Saturday, September 5, 2009

BIESZCZADY

Nasza pierwsza wyprawa na koniec świata, a przynajmniej na koniec Polski...
Bieszczady witajcie:)
Uczestnicy wyprawy w stałym juz od wielu, wielu lat składzie:
















Krzyżak, nasza piękność, mająca słabość nie tylko do gór, ale także jak się okazało do panów "busiarzy", niestety nie wytrzymała z nami do końca:(, buuuu, łuuuu
nie chiała tez wracać, jak normalny człowiek PKS-em, naszym ulubionym zresztą linii Veolia (czyt.
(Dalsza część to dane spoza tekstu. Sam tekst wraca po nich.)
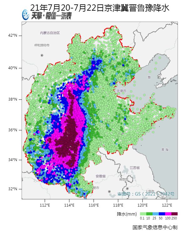 2021年7月20日至7月22日京津冀晉魯豫降水
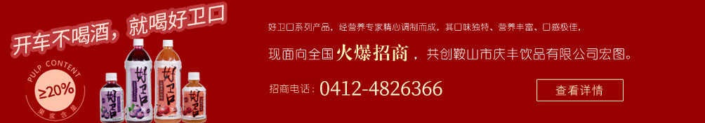 鞍山市慶豐飲品有限公司始建于1992年,是專業(yè)從事山楂汁飲料研發(fā)、生產(chǎn)及銷售的產(chǎn)銷一體化大型民營企業(yè)。 工廠位于遼寧中部的遼河三角洲腹地,地處環(huán)渤海經(jīng)濟區(qū)圈鞍山市臺安工業(yè)園區(qū)內(nèi)(京沈高速公路臺安出口西200米處),擁有占地面積23000多平方米的花園式飲料生產(chǎn)基地,公司資金實力雄厚,引進多條國內(nèi)外先進的飲料自動化生產(chǎn)線,擁有高級技術(shù)人才及生產(chǎn)工人近百名,是東北地區(qū)專業(yè)山楂汁研發(fā)生產(chǎn)型企業(yè),主要生產(chǎn)“好衛(wèi)口”山楂汁系列,及“好衛(wèi)口”橙汁系列,藍(lán)莓汁系列,蘋果醋系列,4大系列飲品近二十余種的果汁飲料
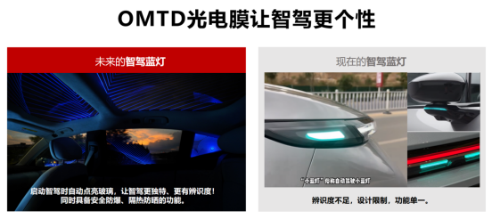 2018年,追得向新型光电智能膜的创新研发与生产转型。历时七年的创新研发,以先进的“光刻+晶体灌注+特殊光源+芯片算法”技术,实现了玻璃的极致美学与动感效果,白天透明隐形,夜晚动感闪耀,开创了OMTD光电智能膜的新品类与新市场。2022年追得OMTD光电膜成功合作广汽影豹车型前装,并成为宝马、问界、比亚迪的主机厂合作商,OMTD光电显示产品正日益形成市场规模。
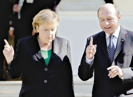 Germania a fost primul destinatar al bunurilor româneşti (5,465 miliarde euro, 19%) şi a vândut în România bunuri în valoare de 6,727 miliarde, aproape 17,5% din importurile noastre). Economia germană a trecută printr-o recesiune relativ blândă din care şi-a revenit spectaculos. Dacă lucrurile ar fi stat mai rău pentru ei, noi ne-am fi aflat în pragul catastrofei. Dacă economia noastră depinde în asemenea grad de cea germană, este limpede că şi politicile anticriză depind de cele germane. Atunci când cancelarul Merkel a spus stop „stimulilor” şi cheltuielilor pe datorie scăpate de sub control şi că e timpul pentru măsuri de austeritate şi ţinerea în frâu a deficitelor, Bucureştiul avea puţine opţiuni şi a trebuit să se conformeze. Ieri, doamna Merkel a declarat că România aplică în prezent „măsuri destul de dure” de austeritate, dar a ţinut să precizeze că, „odată create structurile, acestea pot constitui o bază pe care se poate construi creşterea economică”, ceea ce reprezintă o susţinere discretă a actualului curs, dar şi o recunoaştere a faptului că nu suntem încă acolo. O cale spre creşterea economică este absorbţia fondurilor comunitare, o problemă în care Germania şi-a oferit o asistenţă mai mult decât binevenită.
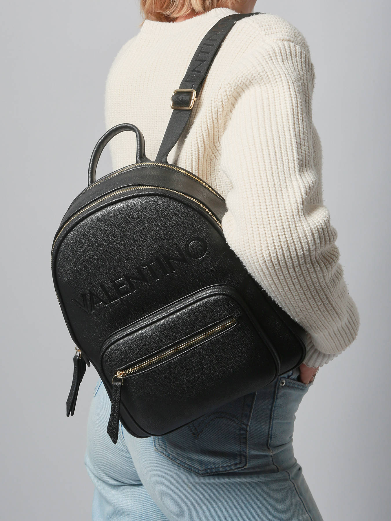 The VALENTINO backpack combines style and functionality for everyday use. Made from coated canvas, it is both durable and easy to maintain, while offering a modern and practical look. The zip closure keeps your belongings secure, while the front pocket provides quick access to your essentials. Adjustable shoulder straps ensure optimal comfort when worn on the back, making it suitable for all your daily activities. Inside, the backpack features two compartments, a simple pocket, and a zipped pocket, allowing you to keep your belongings well organized and easily accessible. Practical, durable, and stylish, this backpack is the perfect accessory for city life, outings, or daily commutes.
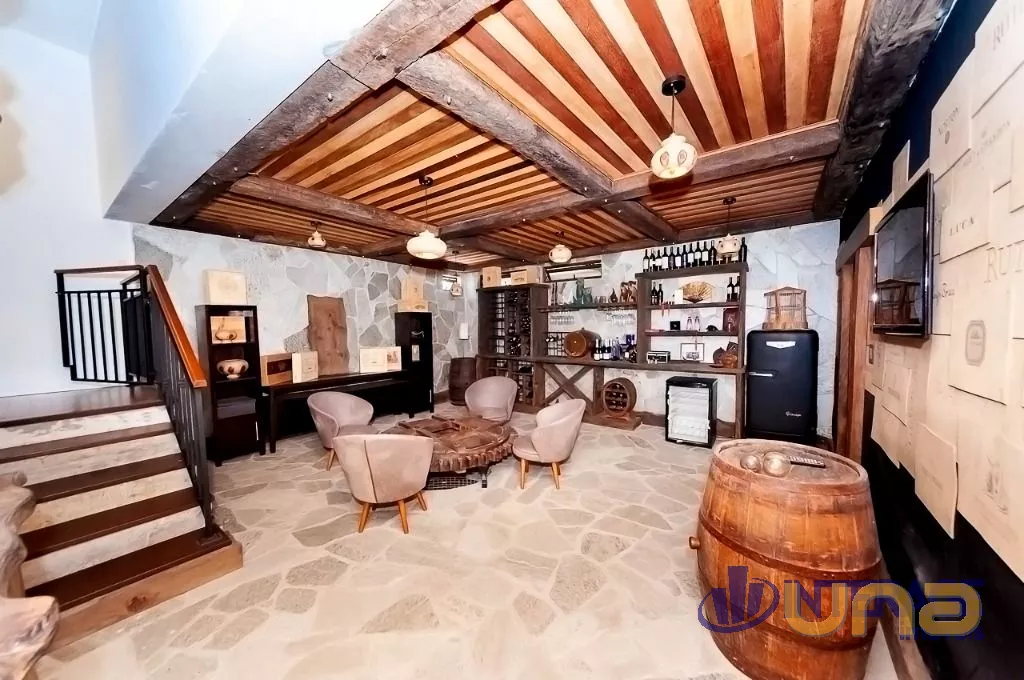 - Adega com muito espaço e conforto, revestida com pedras e madeira maciça, com poço de água natural para resfriar as bebidas na temperatura ideal.

Vajola), tylko oczywiście czym??? hmm...busem

















Dwa gołąbki, ziarno, kupa, ziarno, kupa, jakoś leci...
















Doro w krzakach - przyczajony tygrys oczywiście z aparatem:), niewyzyta artystycznie


widoczek z Czarnej...dla wtajemniczonych wiadomo jakiej:)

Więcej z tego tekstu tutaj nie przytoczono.